Positive Role Models

  • Grandpa Kessler is a wise and loving grandfather. He finds ways to spend time with Sacha, offering Sacha multiple opportunities to ask for forgiveness for using his tefillin (a set of small black boxes containing scrolls of parchment inscribed with Torah verses, worn during weekday prayer) to summon the dybbuk in The Inquisitor’s Apprentice. He also refuses to use his substantial magical powers to fight – and potentially disturb – the order of the universe, preferring to use peaceful and loving methods to try and defeat the dybbuk instead. He consistently stands by his nonviolent principles even at the risk of his own life.
  • Lily Astral is a steadfast and loyal friend. During the Pentacle factory strike, Sacha finds himself on the wrong side of the law while defending his sister from thugs brought in to break up the strike.
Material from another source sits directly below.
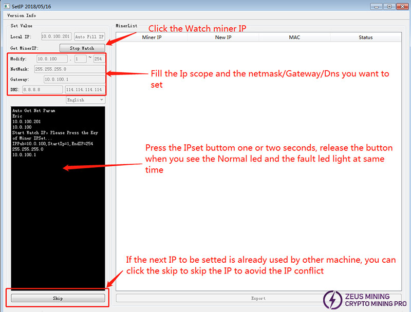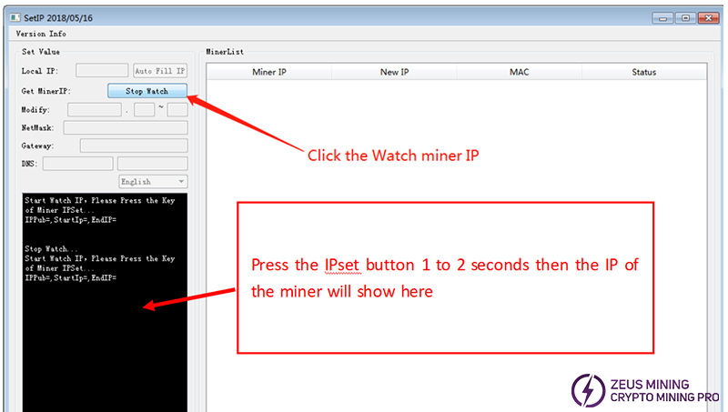 4. Click "Watch MinerIP", and then press and hold the miner's IPset button for 1 to 2 seconds. The IP will be displayed below.

When Sacha impulsively quits his job, it is Lily who encourages him to approach Maximillian Wolf and apologize.     

Content Advisory

  • There are several deaths in this action-packed mystery: the story begins with an investigation into the murder of the Klezmer King; a nameless teen is killed in an accident at a construction site; a minor character named Sam Schlosky dies while in jail; and Sacha’s grandfather sacrifices himself to the dybbuk to save Sacha’s life. None of the deaths are described in a graphic or gory way, but all add to the generally haunting mood of the book as Sacha and the Inquisitors search for a killer.
  • There is some violence between the hired thugs and the strikers from the Pentacle factory. 
  • Some readers may be offended when Sacha breaks Shabbat by kindling a fire for Rivka Asher, the widow of the Klezmer King. Also, Grandpa Kessler, portrayed as an Orthodox Jew, requires his tefillin on Shabbat; (this is inaccurate as tefillin are never worn by Orthodox Jews on Shabbat).
  • In an effort to contribute to the family’s dwindling finances, Uncle Mordechai decides to become a Lady’s Escort. In this bizarre moneymaking scheme, he is paid by wealthy parents to romance young ladies and break their hearts, thus disillusioning their beliefs in true love and encouraging them to marry the dull suitors their parents have chosen for them.

Talk it Over

When he’s called upon to guard the factory workers’ strike, Sacha finds himself on the “wrong team.” He wants to do his job as an inquisitor, but he can’t stand by while his sister and her friends are bullied. Do you think Sacha did the right thing? Have you ever had a conflict of interest, and found yourself wanting to support the “wrong” team? What did you do?

More For You

Rabbi Isaac Luria (also known by his Hebrew acronym, the Arizal) lived in Safed in the sixteenth century. Although he only lived to the age of thirty-eight, he is considered one of the holiest leaders of the Jewish people and the greatest Kabbalist of his time. While he is famous for many teachings, he is best known for his conceptualization of “Tikkun Olam” (literally, repairing the world) as the Jewish responsibility to gather sparks of holiness in order to make the world a better place.